-- RECORDS FOR THIS TASK follows --

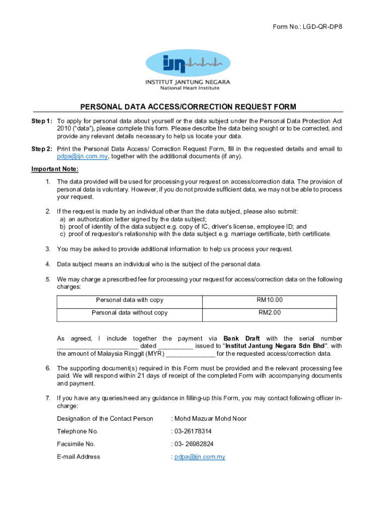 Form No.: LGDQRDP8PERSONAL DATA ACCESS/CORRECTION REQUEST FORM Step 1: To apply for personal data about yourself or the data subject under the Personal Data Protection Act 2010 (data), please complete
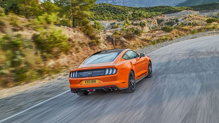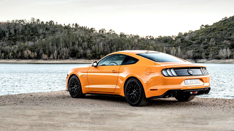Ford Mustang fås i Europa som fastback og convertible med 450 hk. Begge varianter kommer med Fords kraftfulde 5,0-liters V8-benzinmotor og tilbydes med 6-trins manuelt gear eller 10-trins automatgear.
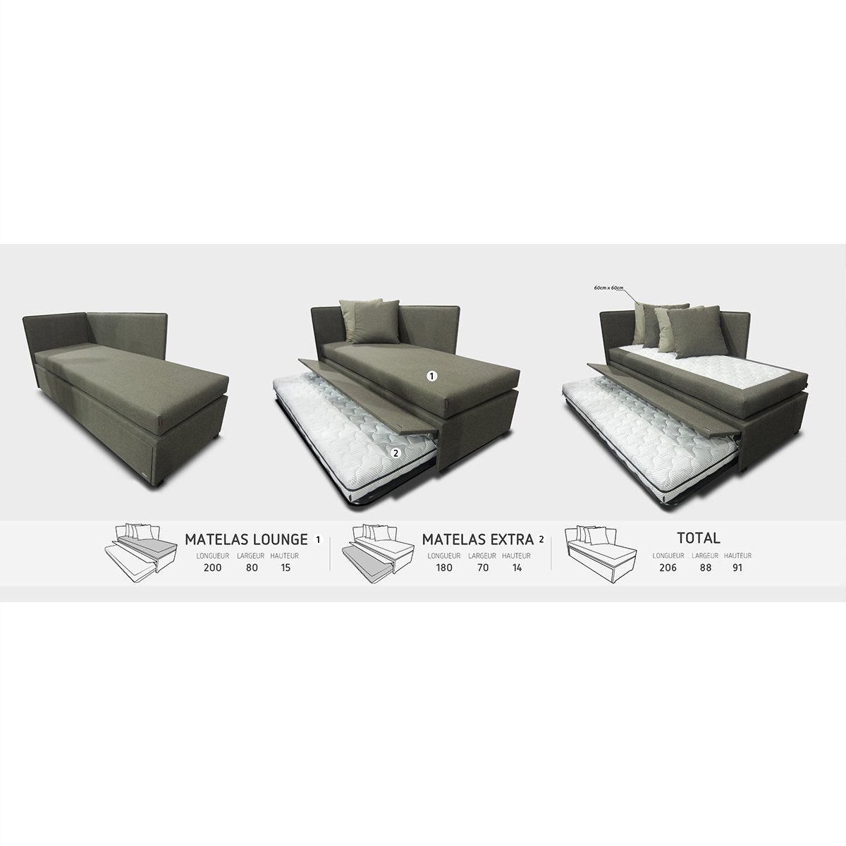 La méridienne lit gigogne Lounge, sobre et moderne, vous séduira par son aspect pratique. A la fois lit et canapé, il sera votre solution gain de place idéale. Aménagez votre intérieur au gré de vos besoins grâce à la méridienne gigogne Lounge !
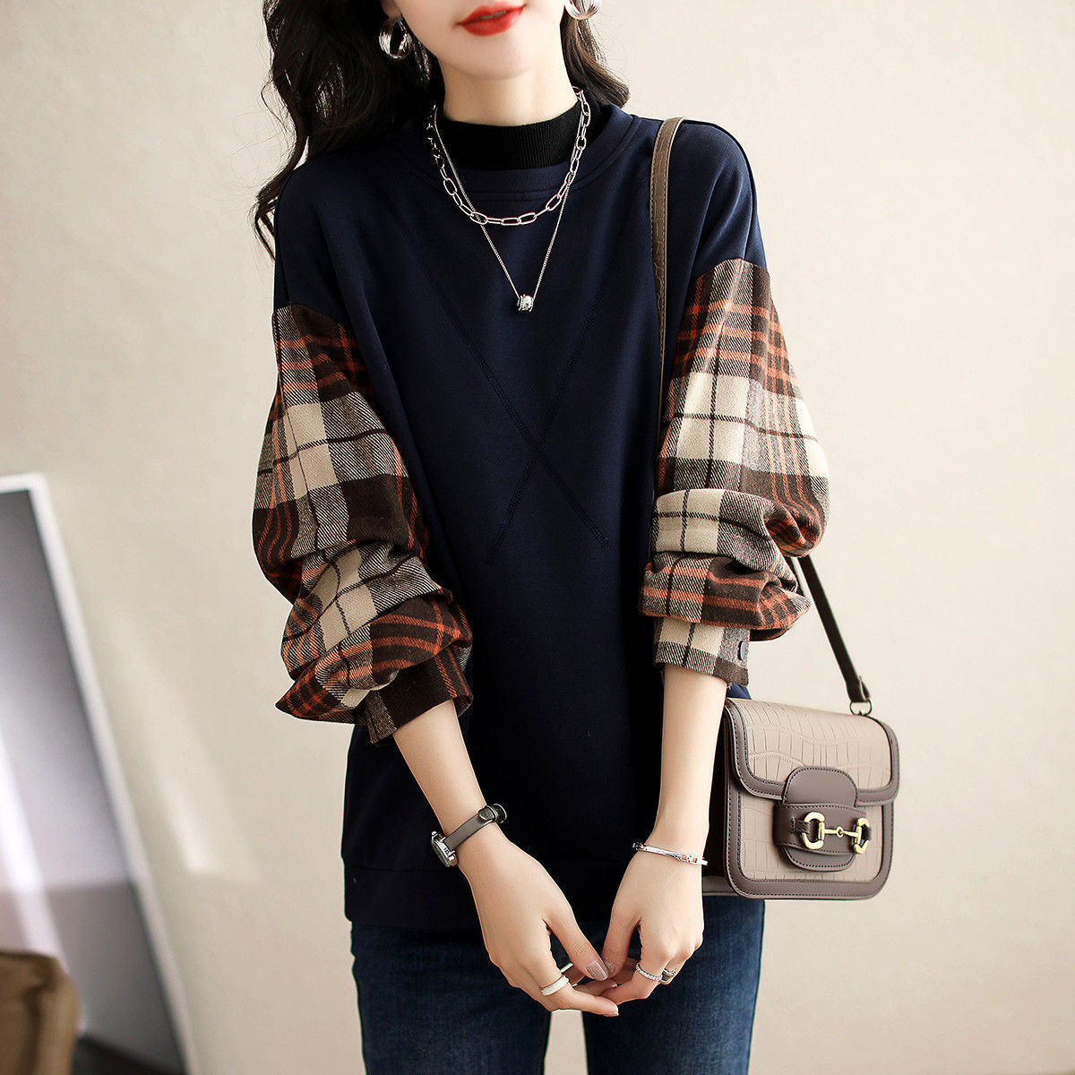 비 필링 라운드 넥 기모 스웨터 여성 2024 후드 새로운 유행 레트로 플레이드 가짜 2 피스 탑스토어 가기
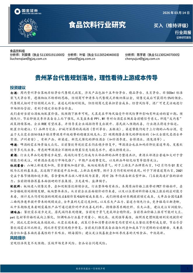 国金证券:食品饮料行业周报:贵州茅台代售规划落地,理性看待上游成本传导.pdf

-- RECORDS FOR THIS TASK concluded --

REQUIRED ACTION –
Every line from the top of the entries through the line that holds "Ford Mustang fås" is to be quoted exactly, please, and nothing else; omit the pictures.

SOLUTION TO THE PROBLEM –
 Form No.: LGDQRDP8PERSONAL DATA ACCESS/CORRECTION REQUEST FORM Step 1: To apply for personal data about yourself or the data subject under the Personal Data Protection Act 2010 (data), please complete
Ford Mustang fås i Europa som fastback og convertible med 450 hk. Begge varianter kommer med Fords kraftfulde 5,0-liters V8-benzinmotor og tilbydes med 6-trins manuelt gear eller 10-trins automatgear.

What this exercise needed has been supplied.